Allan John Johnson 2518
Allan Johnson enlisted in the Australian Imperial Force on 13 May 1916. He was assigned to the 2nd Reinforcements of the 43rd Battalion and began a short period of training in Australia. Shortly after, he contracted measles and was hospitalised, missing embarkation with his unit. On recovery, he was transferred to the 5th Reinforcements of the 50th Battalion. He embarked with his unit from Adelaide on 21 September 1916, sailing on board the troopship Commonwealth.
Private Johnson arrived in England in mid-November and continued training. He joined his unit on the Western Front in December, just in time to spend the bitterly cold winter of 1916 and 1917 in the trenches. In January, his unit was serving in the front lines when an enemy shell landed in a trench and exploded, wounding Johnson. He was sent to the French city of Rouen for treatment, re-joining his unit in early March as the German army continued their strategic withdrawal to the fortified Hindenburg Line. Johnson’s battalion was among multiple Australian units which followed this withdrawal, seemingly pushing the Germans further back.

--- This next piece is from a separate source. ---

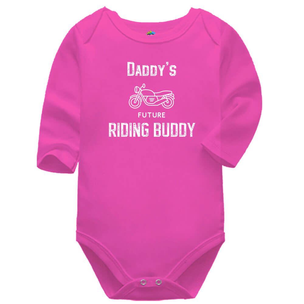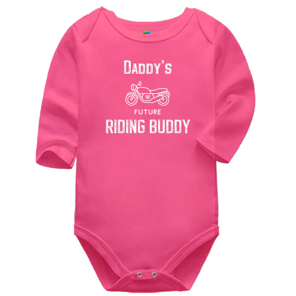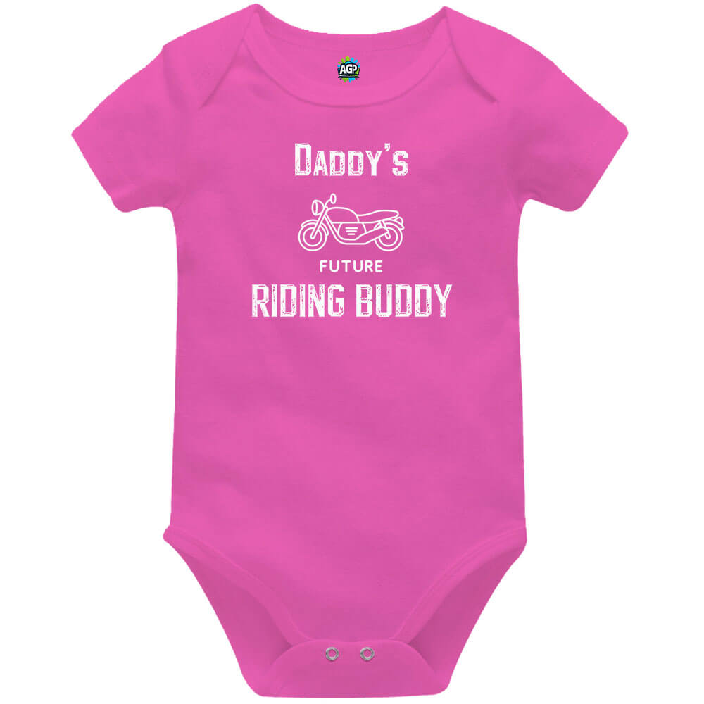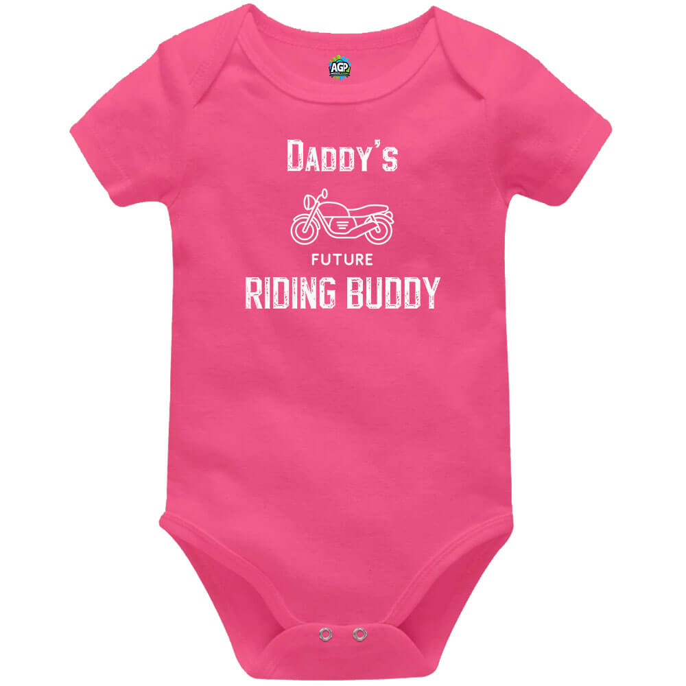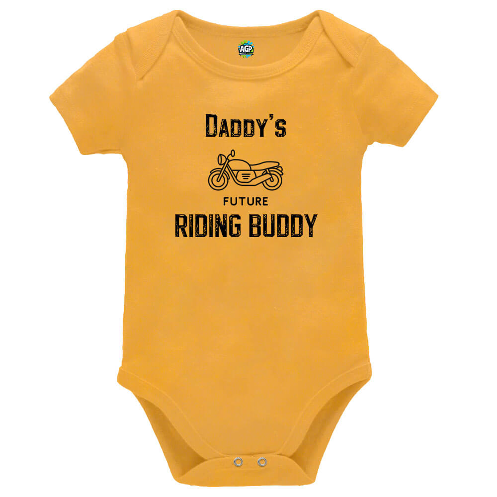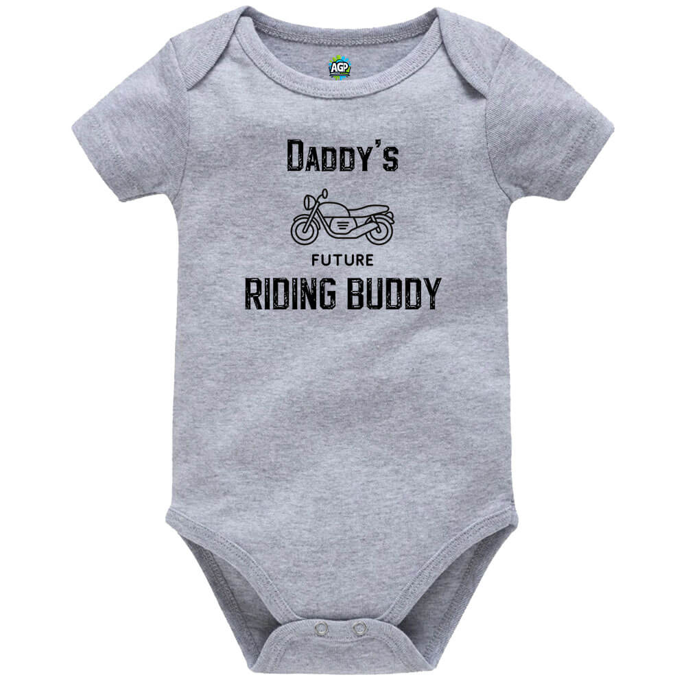 Showcasing the slogan “Dad’s Future Riding Buddy” in a bold, rugged font alongside a detailed motorcycle illustration, this baby vest adds a fun and meaningful touch to any outfit.

To slow the allied advance, the enemy had established multiple rear-guard defences in towns and villages leading up to their new front line. Johnson’s unit was caught in one of these enemy defences at the French village of Noreuil. The 50th and 51st Battalions launched an attack on German defences on the morning of 2 April 1917. Their objective was a sunken road to the east of the village. Johnson’s battalion advanced through the town from the south as their comrades in the 51st Battalion attacked to the north, taking cover in an unoccupied trench. The men encountered fierce resistance from the enemy, which was well prepared and well entrenched. As they pushed forward, the Australians were shelled and caught in a storm of machine-gun bullets, quickly causing mass casualties. Among the dead was Private Allan Johnson who was hit and killed by enemy fire shortly after entering the village.
News of his death reached his family in Australia who remembered him in a memorial notice posted in the Adelaide Express and Telegraph:
“There are griefs that cannot find comfort,
And wounds that cannot be healed.
There are sorrows so deep in a mother’s heart;
That cannot be half revealed.
When alone with my grief the bitter tears flow;
There comes a fond vision of not long ago;
Just as a dream he stands by my side and whispers;
‘Mother dear, death cannot divide.’”
Private Allan Johnson was 26 years old.